Ecotoxicol Environ Saf 2021 May 2;214:112098. Epub 2021 Mar 2.

Mote Marine Laboratory, 1600 Ken Thompson Pkwy, Sarasota, FL 34236, USA.

The Deepwater Horizon blowout resulted in the second-largest quantity of chemical dispersants used as a countermeasure for an open water oil spill in the Gulf of Mexico. Of which, the efficacy of dispersant as a mitigation strategy and its toxic effects on aquatic fauna remains controversial. To enhance our understanding of potential sub-lethal effects of exposure to chemically dispersed-oil, sub-adult red drum (Sciaenops ocellatus) were continuously exposed to a Corexit 9500: DWH crude oil chemically enhanced water accommodated fraction (CEWAF) for 3-days and transcriptomic responses were assessed in the liver. Differential expressed gene (DEG) analysis demonstrated that 63 genes were significantly impacted in the CEWAF exposed fish. Of these, 37 were upregulated and 26 downregulated. The upregulated genes were primarily involved in metabolism and oxidative stress, whereas several immune genes were downregulated. Quantitative real-time RT-PCR further confirmed upregulation of cytochrome P450 and glutathione S-transferase, along with downregulation of fucolectin 2 and chemokine C-C motif ligand 20. Ingenuity Pathway Analysis (IPA) predicted 120 pathways significantly altered in the CEWAF exposed red drum.

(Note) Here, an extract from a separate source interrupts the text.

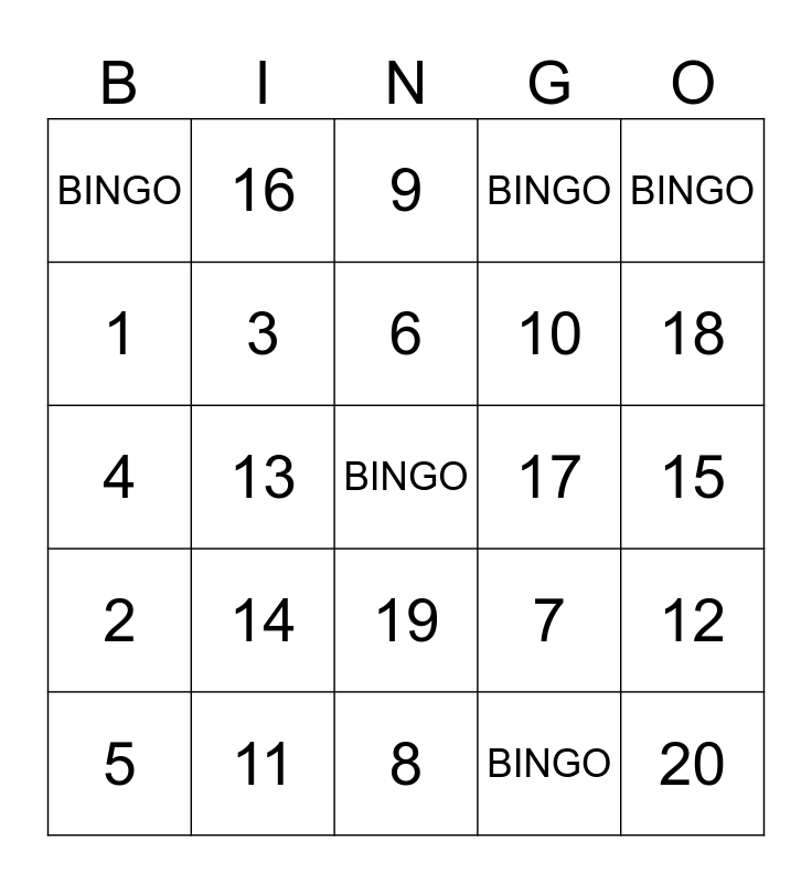 This bingo card has a free space and 24 words: 14, 11, 6, 5, BINGO, BINGO, 1, 16, 17, 19, 10, 4, 7, 12, 3, BINGO, 15, 9, 18, 13, 20, 2, BINGO and 8.

The aryl hydrocarbon receptor pathway was significantly activated, while pathways associated with immune and cellular homeostasis were primarily suppressed. The results of this study indicate that CEWAF exposure significantly affects gene expression and alters signaling of biological pathways important in detoxification, immunity, and normal cellular physiology, which can have potential consequences on organismal fitness.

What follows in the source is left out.